Student's t-distribution¶

The distribution which describes the distance between the sample and true mean (population mean) when we do not know standard deviation is called the Student's $t$-distribution.

$p(\mu - \bar{x})$ follows a $t$-distribution with $\sigma_e = \sigma_x / \sqrt{N}$.

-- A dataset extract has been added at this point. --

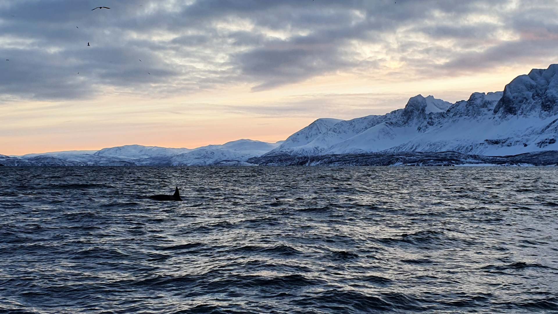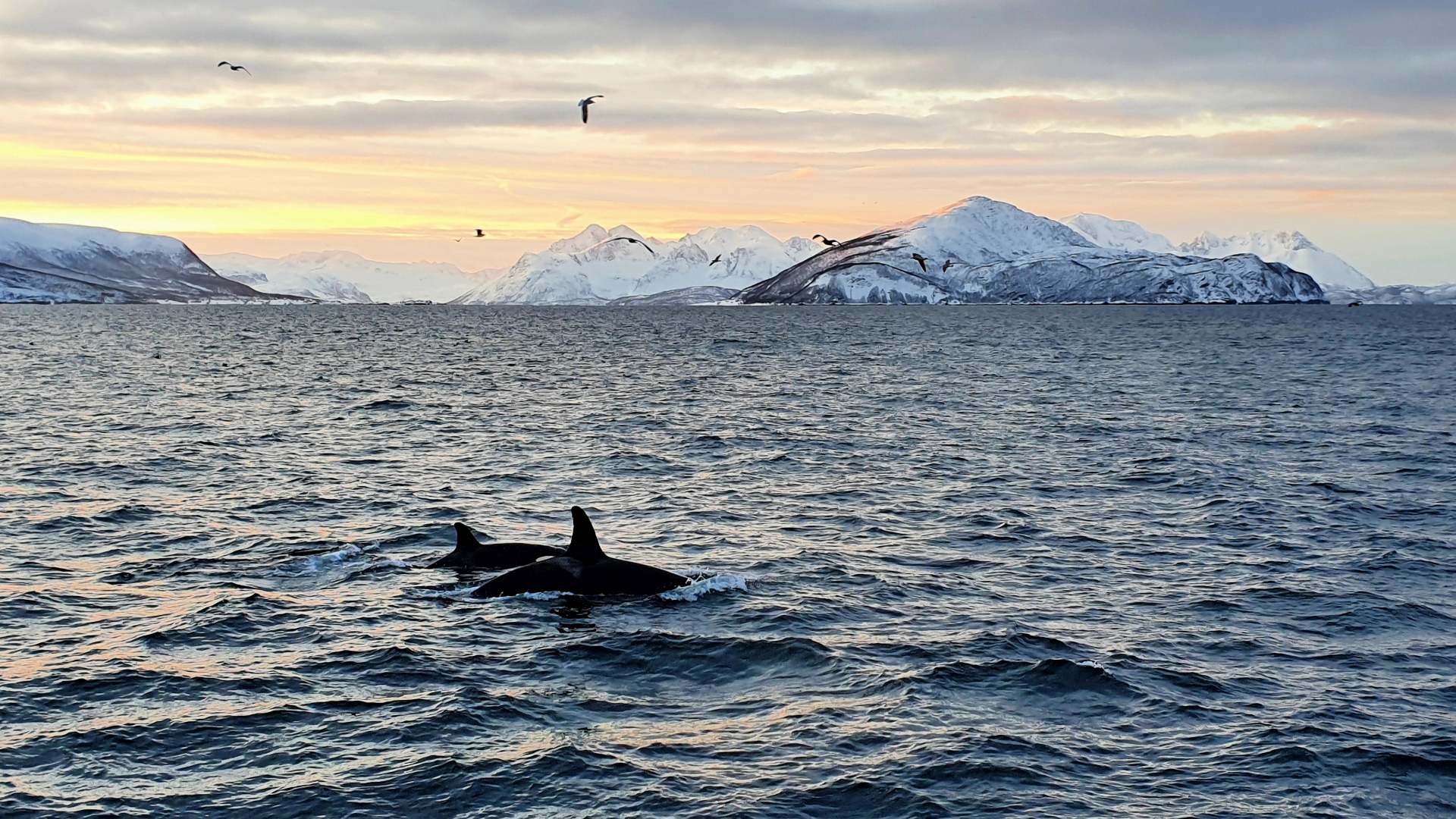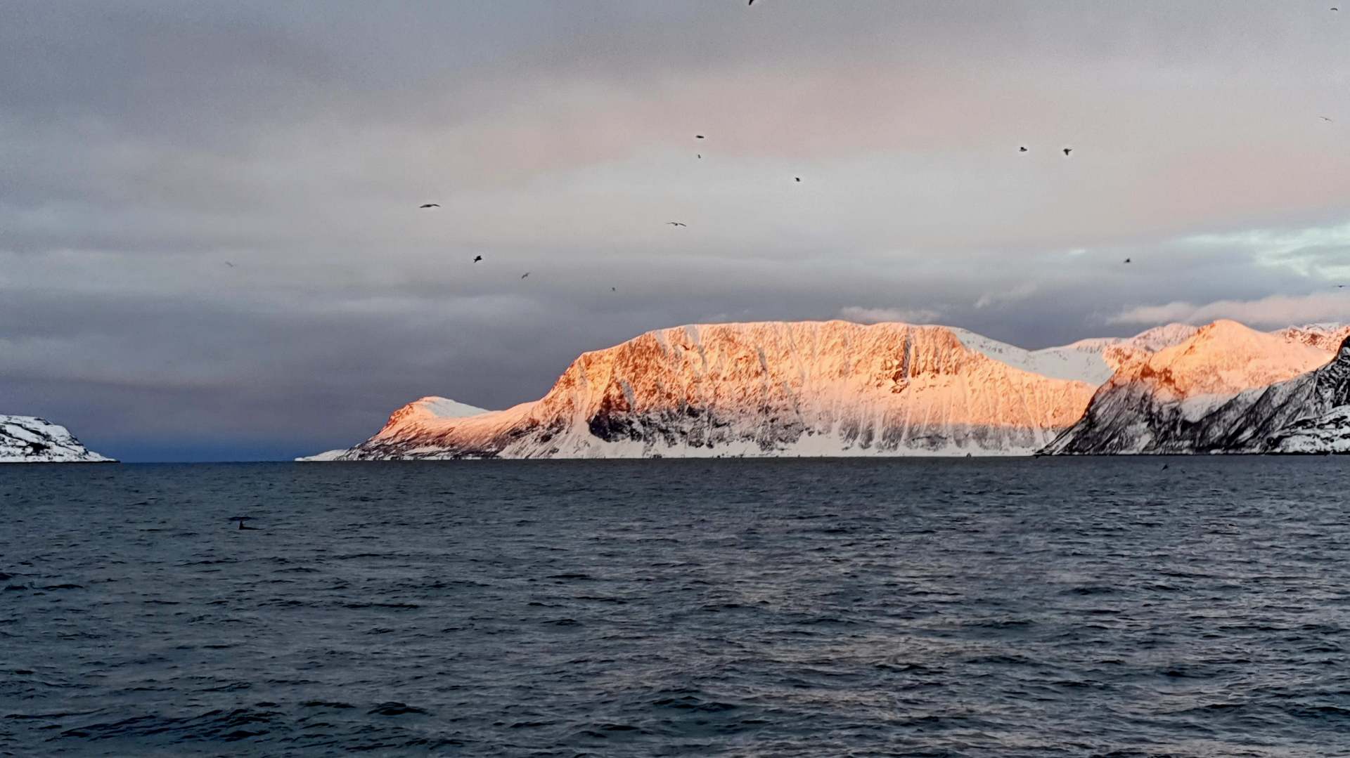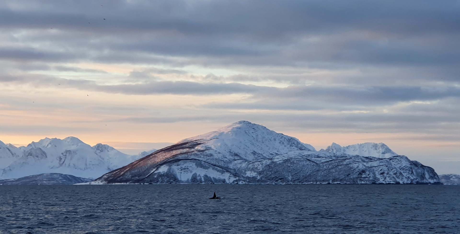 Diesmal fahren wir ein Stück an der Insel Skjervøy vorbei und stoppen zwischen einer Inselgruppe, deren Berge nach und nach in ein zauberhaftes Licht getaucht werden. Nach kurzer Zeit kommen die Orcas, dann noch drei Buckelwale. Wieder so nah wie auf der RIP-Boot-Tour und so unfassbar viele.

$$p(\mu - \bar{x}) = T(0, \sigma_x / \sqrt{N}, N - 1)$$

Note that this takes in additional parameter, $N - 1$. This is the degrees of freedom, which just like in variance we need to subtract one from.

In [17]:

import scipy.stats

#make some points
x = np.linspace(-5,5, 100)

#Compute pdf on t and normal
yn = scipy.stats.norm.pdf(x)
for i,Ni in enumerate(Ns):
    y = scipy.stats.t.pdf(x, df=Ni-1)
    plt.plot(x,y,color=color_map(i / len(Ns)),label="T, N = {}".format(Ni))    
plt.plot(x,yn, color='r',label="Normal")
plt.legend()

plt.show()

Summary¶

Estimating the population mean from a sample mean is a random distribution. The sample mean, $\bar{x}$, is a statistic and $\mu$ is a random variable which follows either a normal or $t$-distribution.

When we know the population standard deviation, $p(\mu) = {\mathcal N}(\bar{x}, \sigma / \sqrt{N})$ where $N$ is the number of samples we used to calculate the sample mean and $\sigma$ is the population standard deviation.

When we do not know the population standard deviation, there is some additional error/uncertainty because we are estimating the population standard deviation with a sample standard deviation. Using $\sigma_x$ to indicate the sample standard deviation: $p(\mu) = T(\bar{x}, \sigma_x / \sqrt{N}, N-1)$. Notice the $t$-distribution depends on the number of samples. The third term, N-1, is the degrees of freedom.

The standard deviations of these distributions is $\sigma / \sqrt{N}$ or $\sigma_x / \sqrt{N}$. To reduce confusion of the fact that the standard deviation of the distribution for the population mean is different than the population standard devition, sometimes this is called the standard error:

$$ \sigma_e = \frac{\sigma}{\sqrt{N}}\; \textrm{or} \; \frac{\sigma_x}{\sqrt{N}} $$

Now we know the probability distribution for the population mean, so that we can do things like calculate probabilities of intervals or plot probability densities of where the true mean lies.